In March 2024, the plane carrying the British Minister of Defence hampered the GPS signal when it traveled near Kaliningrad, Russia on a journey between the UK and Poland. The British government later said that airplanes are never at risk, but obstruction cases are not uncommon in the area. In fact, various groups have noted that GPS obstruction has become common since the start of the Russian-Ukurein war.
For decades, the standard backup for this type of navigation failure has been inertial navigation, a way to track movement using accelerator meters and gyroscopes. However, these systems have their own weaknesses. Small errors increase over time, drifting the estimated location at just how many kilometers over a potentially long journey. This makes it unacceptable in many important applications.
What navigators desperately need is a new way that doesn’t rely on clogged satellite signals. Ideally, this system should be completely passive, unlike radar, to avoid revealing its own location.
Murat Muradoğlu and colleagues of Q-Ctrl, a quantum technology company currently in their office in Sydney, Australia, demonstrate exactly that technology. Their approach is to sense anomalies in the Earth’s magnetic field and compare them with known maps of the field to resolve their location. Additionally, quantum sensors are used for this process, allowing magnetic anomalies to be detected with much greater sensitivity than high-end inertial navigation systems.
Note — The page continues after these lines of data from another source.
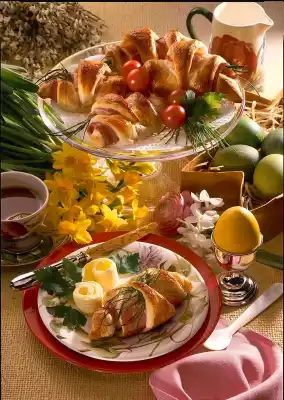 Place the croissants on a baking tray lined with baking paper. Brush with whisked egg yolk. Bake in the preheated oven (electric cooker: 200 °C/ convection oven: 175 °C / gas: level 3) for 12-15 minutes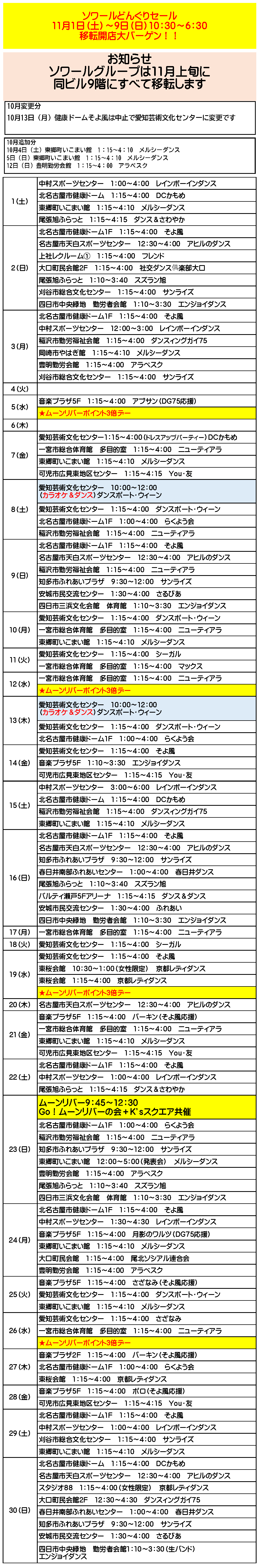 各会場とも優先行事等により予定が変更になることもございます。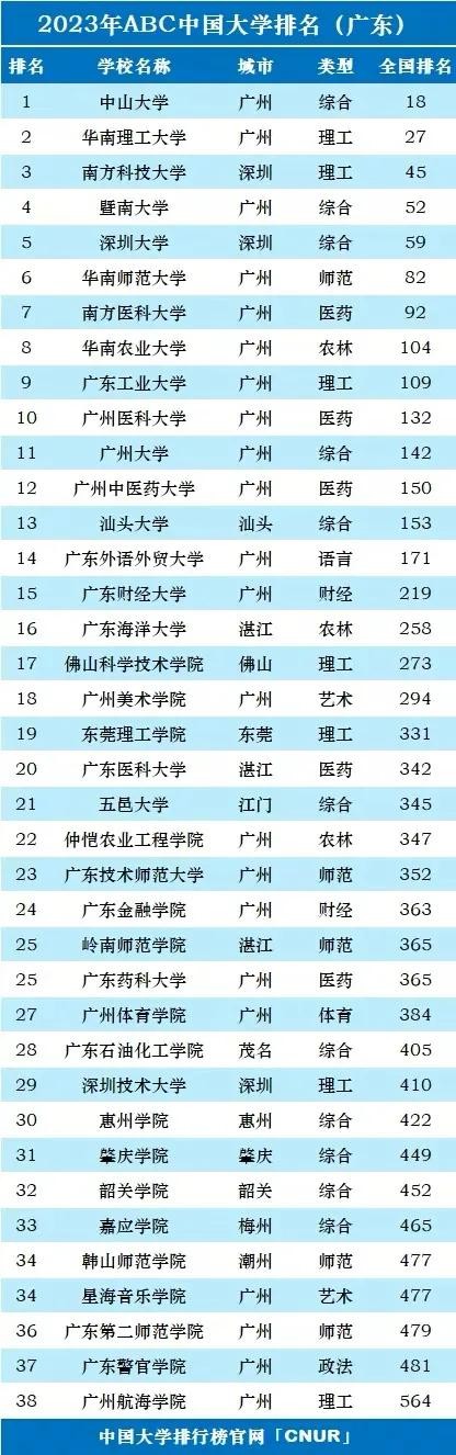 在2023年ABC中国大学排名中,广东省共有38所高校上榜。中山大学在全省和全国的排名都位列第一,分别占据第1和第18的位置。华南理工大学则紧随其后,位居第二,同时在全国排名第27。南方科技大学作为新兴的研究型大学,也取得了不错的成绩,位于全省第三、全国第四十五位。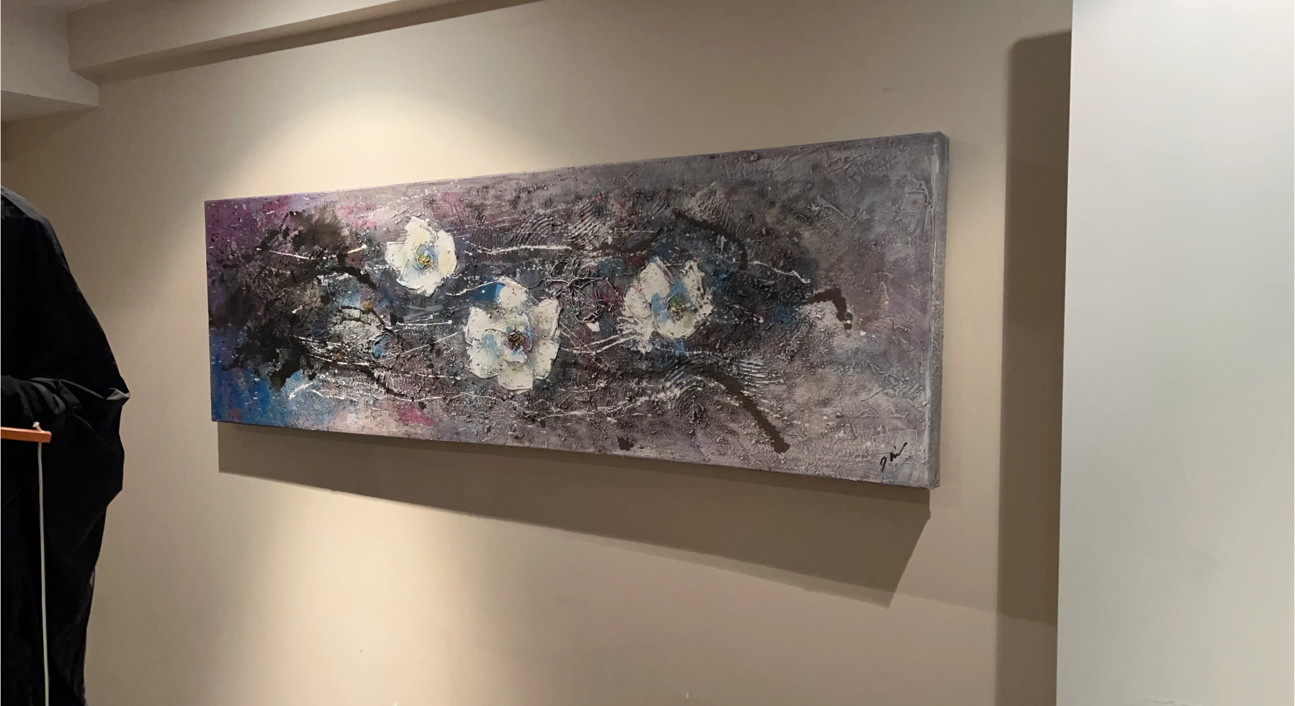 Here is an abstract painting with floral elements. The canvas features a textured surface with a mix of grey, white, blue, and black hues. It would be a great addition to any home!

The Q-CTRL system could be a passive, janshari and universally available navigation aid that could revolutionize how vehicles find their way in an environment where global navigation satellite systems are not available.
Landmark Advance
The concept behind Magnav is not new. The Earth’s magnetic field is not completely uniform. Overlapping the main field of up to 65,000 nanoteslas produced by the planet’s core is a small local variation known as magnetic anomalies. These anomalies usually range in sizes from 10 to 100 nanoteslus over several kilometers. They arise from the geological features within the Earth’s crust and are geographically different and stable over time.
These magnetic functions act as sign posts just as landmarks allow for visual navigation. If the vehicle has a sensitive magnetometer and has access to a map of these anomalies, its location can be determined by matching real-time magnetic field measurements to the map. Global magnetic anomaly maps already existed, compiled from decades of geophysical research.
However, it was difficult to translate this elegant concept into a practical system. First, the magnetic anomalies used for navigation are small compared to the main fields of the Earth, and can also be overwhelmed by the magnetic interference produced by the vehicle’s electronics and engines. Second, traditional magnetometers lack the sensitivity, stability, or small size required for deployment in mobile vehicles.
The entire process also requires sophisticated algorithms to filter the noise and then match the sensor data (often noisy, maps). In the past, this has forced the aircraft to perform complex “clover” operations to adjust the sensors.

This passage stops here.